The Supreme Court ruled 5-4 in Burwell v. Hobby Lobby that for-profit employers with religious objections can opt out of providing contraception coverage under Obamacare.
The decision could open the door to other employers seeking to withhold coverage for other medical procedures at odds with firm religious beliefs.
The Court ruled that a closely-held company can be exempt from the contraceptive coverage under the Affordable Care Act.
The Hobby Lobby suit was a landmark case about whether for-profit corporations are entitled to religious-based exceptions from neutral laws.
The challenge was brought by the Southern Baptist owners of Hobby Lobby, an arts and crafts chain, and the Mennonite owners of Conestoga Wood, a cabinet maker.

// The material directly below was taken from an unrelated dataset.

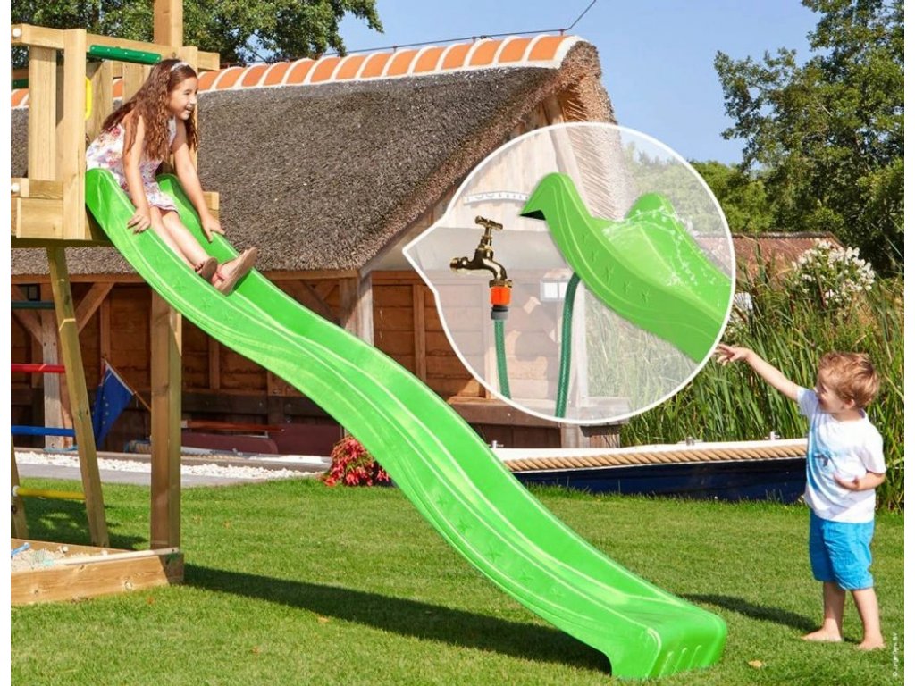 Skluzavka světle zelené barvy určená pro hřiště a dětské sestavy s nástupní podestou 145 - 150 cm od země. Skluzavka má přípojku pro připojení hadice a děti se tak mohou v létě a při teplém počasí klouzat i "mokrou cestou". Přípojku samozřejmě můžete nebo nemusíte použít, při obyčejném klouzání nepřekáží. Při horkém počasí se skluzavka zároveň vodou ochladí a i pro děti to bude příjemné osvěžení. Pozor však, aby voda nebyla příliš studená.

Both sued for relief from a mandate under the Affordable Care Act that profit-making businesses include emergency contraceptives for female employees in their insurance plans at no extra cost. They said the requirement to cover contraceptives like Plan B and Ella violates their religious liberty.
The suits were about whether the Obamacare birth control mandate passes muster under the 1993 Religious Freedom Restoration Act. The 21-year-old statute says laws that substantially burden a person's exercise of religion must be narrowly tailored to meet a compelling governmental interest.
The Obama administration argued that the mandate does not violate anybody's religious liberty, and that it merely ensures that female employees are treated equally regardless of the religious views of their bosses.
Conservatives cheered the ruling, while liberals were dismayed.